D’autant que nous avons intériorisé une conception de la « culture » qui nous assigne à la révérence du livre. Le dérisoire effort pour faire évoluer l’appellation de la bibliothèque (l’armoire aux livres) vers la médiathèque (l’armoire aux multiples supports) se trouve réduit à un argument marketing (à la façon dont le CREDOC le brandit) sans appeler une évolution des missions, qui restent soumises à la hiérarchie des supports : les disques, magazines, DVD, et ces objets étranges que représentent les écrans (de la télévision d’abord, d’Internet maintenant, et en tout cas pas des consoles de jeu, fi !) restent de modestes compagnons de route des livres, pour nombre d’institutions bibliothèques au moins. Bref, une histoire de supports et d’organisations qui se cache derrière des interrogations informationnelles ou culturelles…
Entre livres et écrans, quel dilemme ?
Le billet d’Hubert Guillaud questionne une extension du domaine de la lecture qui intègre sans doute les écrans, mais qui au fond recycle nos vieilles légitimités : comment se fait-il que les internautes ne se précipitent pas davantage vers le téléchargement de livres numérisés, alors qu’ils dévorent musiques et films téléchargés, et se repaissent de Wikipedia ? Cette interrogation me pose problème : elle laisse penser que le seul livre possible est le discours codifié et éditorialisé tel que la forme codex et l’appareil de l’édition en ont fixé le cadre. Or, même si Amazon ne vend pas autant de livres numérisés qu’il le souhaiterait pour son Kindle, les internautes plongent par millions dans cette immense encyclopédie sans éditeur qu’est Wikipedia, naviguent dans les ressources de sites institutionnels non mis en forme par un éditeur au sens classique, etc. On assiste à une explosion-mutation des modes de lecture, comme le soulignait ailleurs le même Hubert Guillaud.
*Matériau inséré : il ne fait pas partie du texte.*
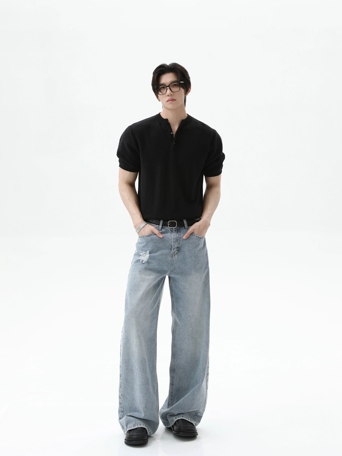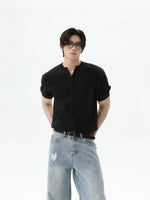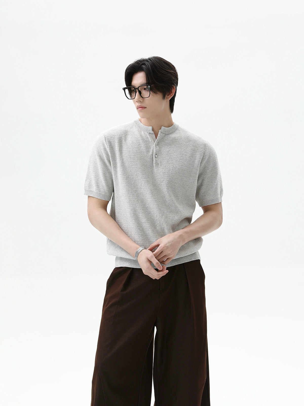 بلوزة قصيرة الأكمام من قماش الوافل كنيت هينلي

En questionnant l’acte de lecture comme acte de structuration de soi par recours conscient à des informations structurées (faits, pensées, créations imaginaires), nous pouvons dépasser la stricte référence aux supports (et j’inclus Internet dans les supports). Le vrai changement dans la lecture, c’est la fin de l’exclusivité d’une information filtrée par l’éditeur.
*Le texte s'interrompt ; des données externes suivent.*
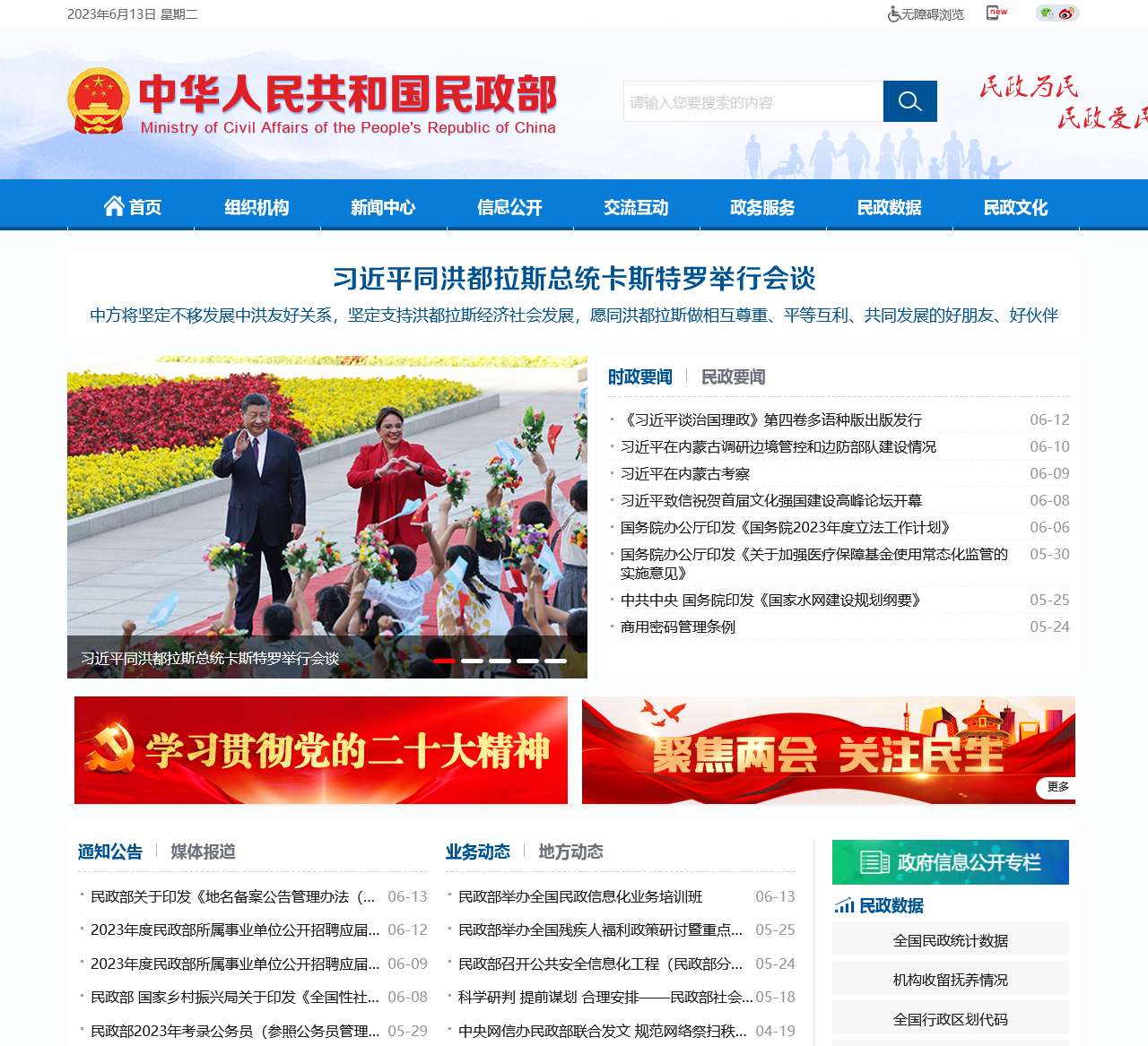 - 通知公告:民政部发布的通知、公告和文件。

Reste pour nous autres bibliothécaires à considérer comment la discrimination bibliothécaire peut s’ajouter se substituer au filtre de l’éditeur : le filtre de l’éditeur rejette dans le néant ce qu’il ne veut pas voir paraitre, la discrimination prend acte de l’accessibilité de tout (y compris de plus en plus des produits éditoriaux) et construit un appareil de lecture.